[Opening Records shown section]

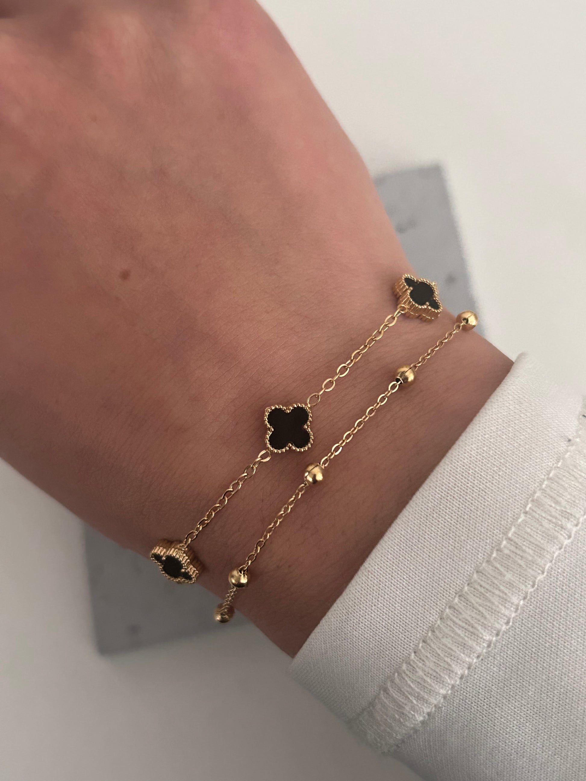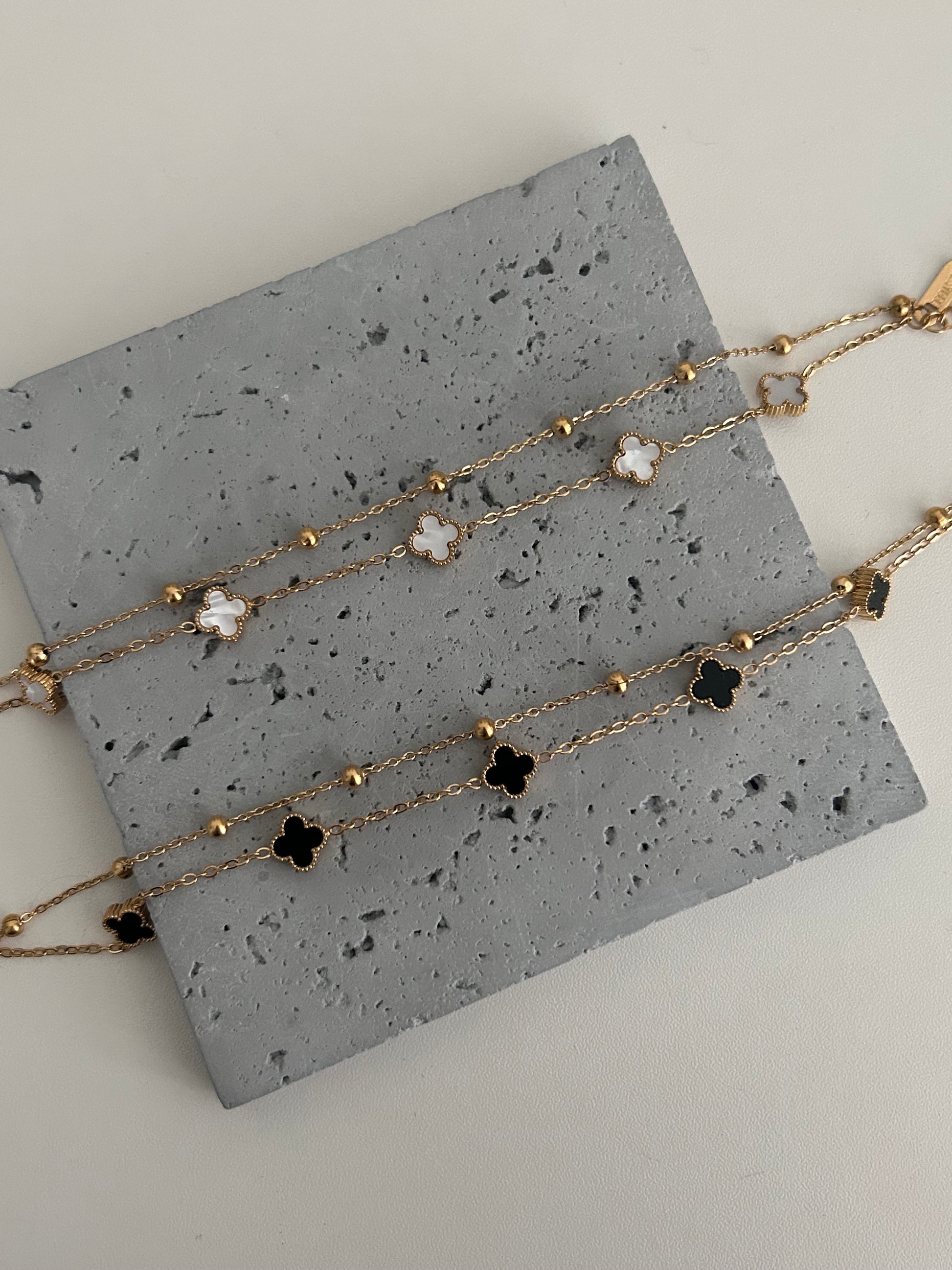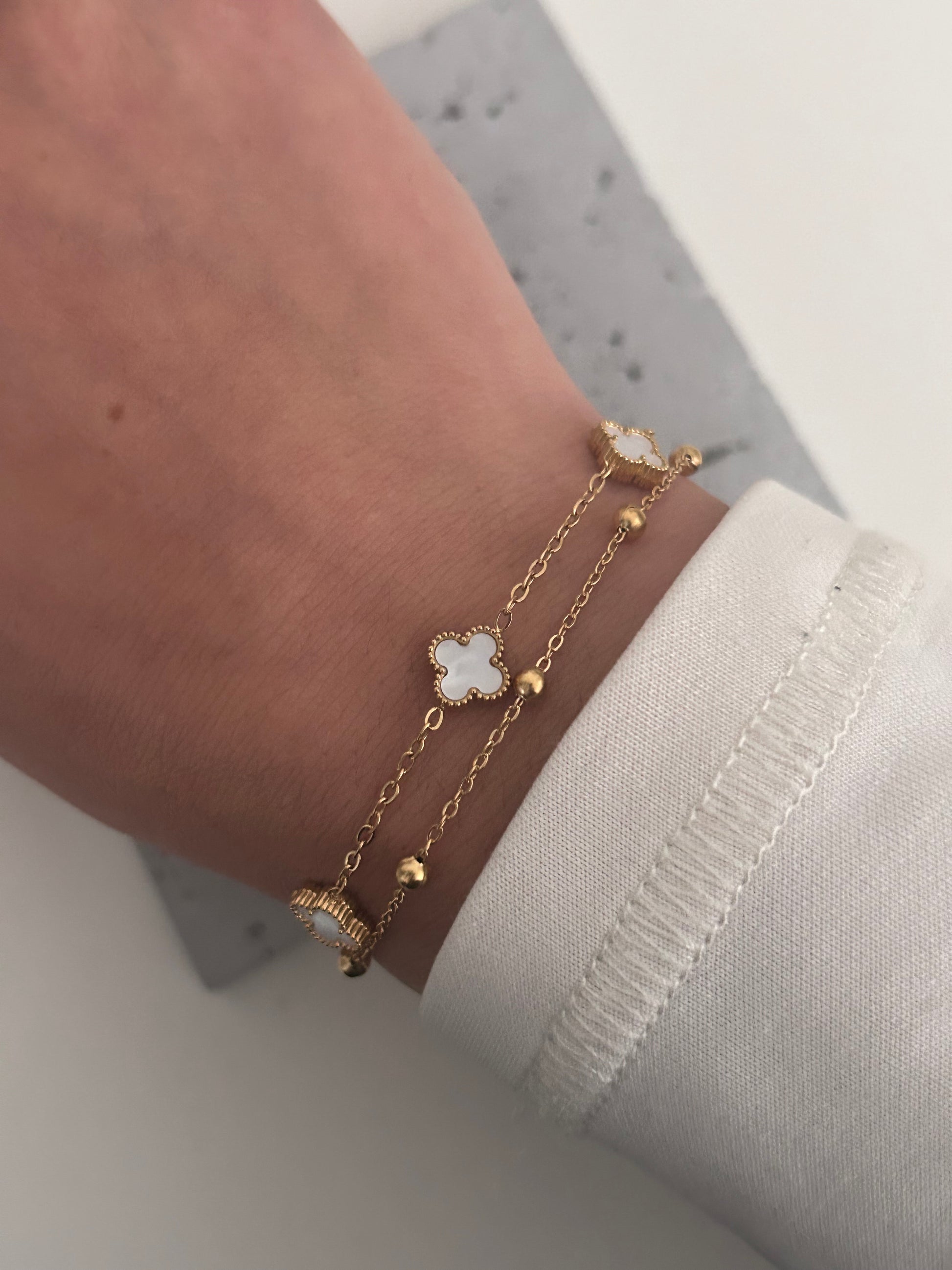 Sidra bracelet - Double layer Four-leaf Gold dainty clover bracelet
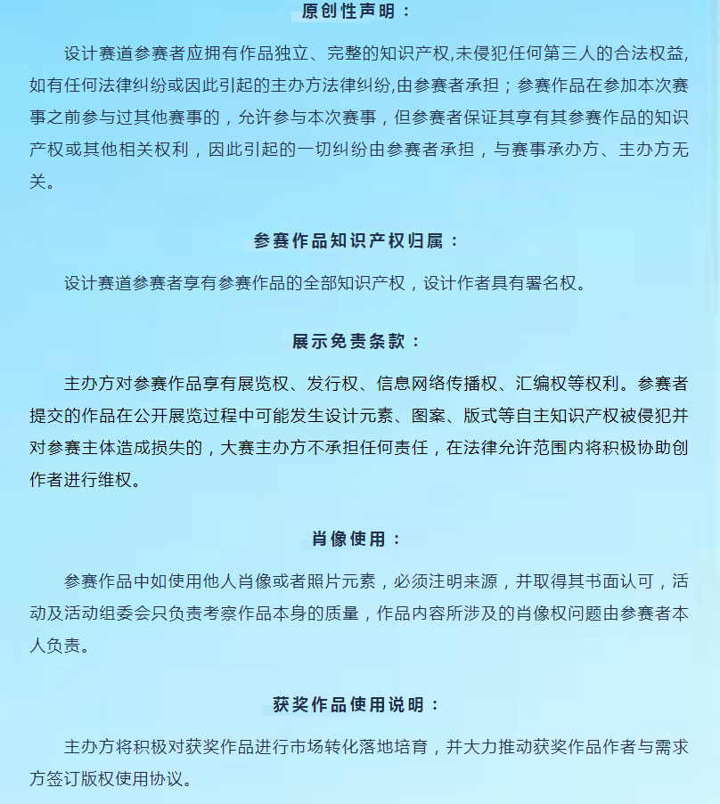 設(shè)計(jì)賽道作品獎(jiǎng)金不包含作品版權(quán),版權(quán)購(gòu)買形式及費(fèi)用由需求單位與獲獎(jiǎng)作者自行協(xié)商確定。
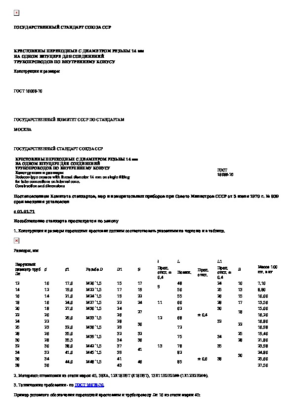 Наша цель состоит в том, чтобы предоставить вам быстрый доступ к содержанию документа Крестовины переходные с диаметром резьбы 14 мм на одном штуцере для соединений трубопроводов по внутреннему конусу. Конструкция и .
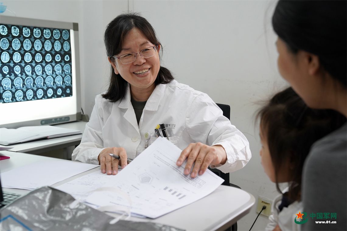 儿童神经内科主任医师王三梅在门诊与患者家属沟通军娃病情。中国军网记者孙悦摄
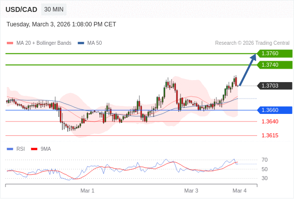在 1.3660 之上,看涨,目标价位为 1.3740 ,然后为 1.3780 。
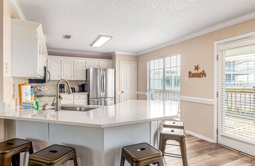 Coastal vibes rule at this newly remodeled home by the bay! All set up to welcome guests, this home features essential amenities like central air conditioning to help everyone get comfortable - plus extras like a private gas grill to set the right tone for your vacation. Deck fans will appreciate the furnished balcony patio spaces. The patio underneath the home (the hammock in particular) might become your favorite place to hang out after a day at the beach. Inside, a desk workspace is set up for anyone who needs to complete remote work or schooling before heading to the beach. Everyone can enjoy cooking up tasty meals together in the full kitchen, which features full-size appliances (including a French door fridge) and a long breakfast bar with room for three guests to enjoy a casual meal. Enjoy views of the bay as you plan your next jaunt to the beach - it's just a short walk away.
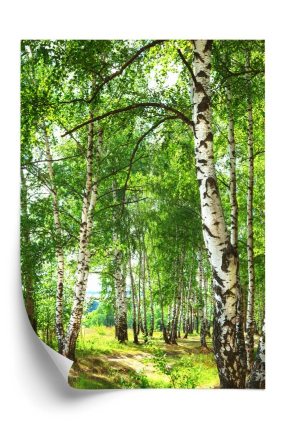 Plakat Letni Poranek W Słonecznym Lesie Brzozowym
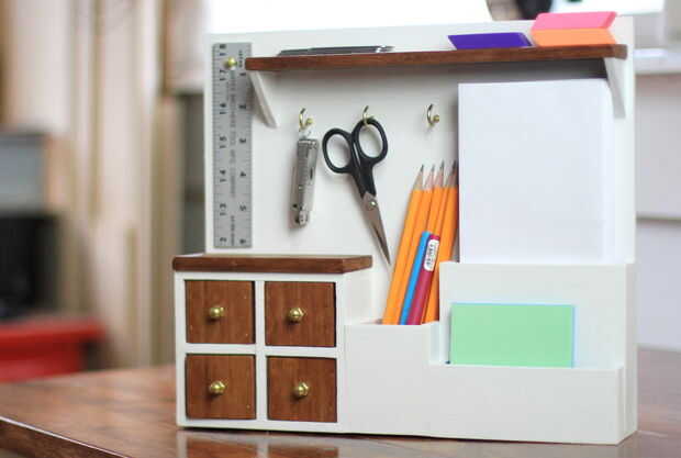 Haciendo un carrito organizador de escritorio personalizado puede realmente ser práctico como se puede hacer caber un montón de cosas en un espacio relativamente pequeño. Para este proyecto que realmente quería hacer algo sentía muy acabado, casi como una miniatura mueble, que también era muy práctico para ayudar a mantenerse organizado en el escritorio. Cualquiera puede tener esta unidad parado sobre un escritorio contra la pared, o se puede colgar en la pared, si funciona mejor. En términos de material, estoy utilizando madera MDF y ipe, sin embargo cualquier madera sería agradable y proporciona excelente contraste contra el MDF blanco.
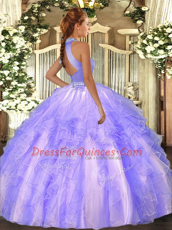 Halter Top Sleeveless Quinceanera Dresses Floor Length Beading and Ruffles Baby Blue Organza

[Closing Records shown section]

Aim of the task: Above are entries with pictures among them. Write out exactly the lines from the one containing "儿童神经内科主任医师王三梅在门诊与患者家属沟通军娃病情。中国军网记者孙悦摄" through the one containing "在 1.3660 之上,看涨,目标价位为 1.3740 ,然后为 1.3780 。", ends included, and leave those pictures out.

Written answer:
 儿童神经内科主任医师王三梅在门诊与患者家属沟通军娃病情。中国军网记者孙悦摄
在 1.3660 之上,看涨,目标价位为 1.3740 ,然后为 1.3780 。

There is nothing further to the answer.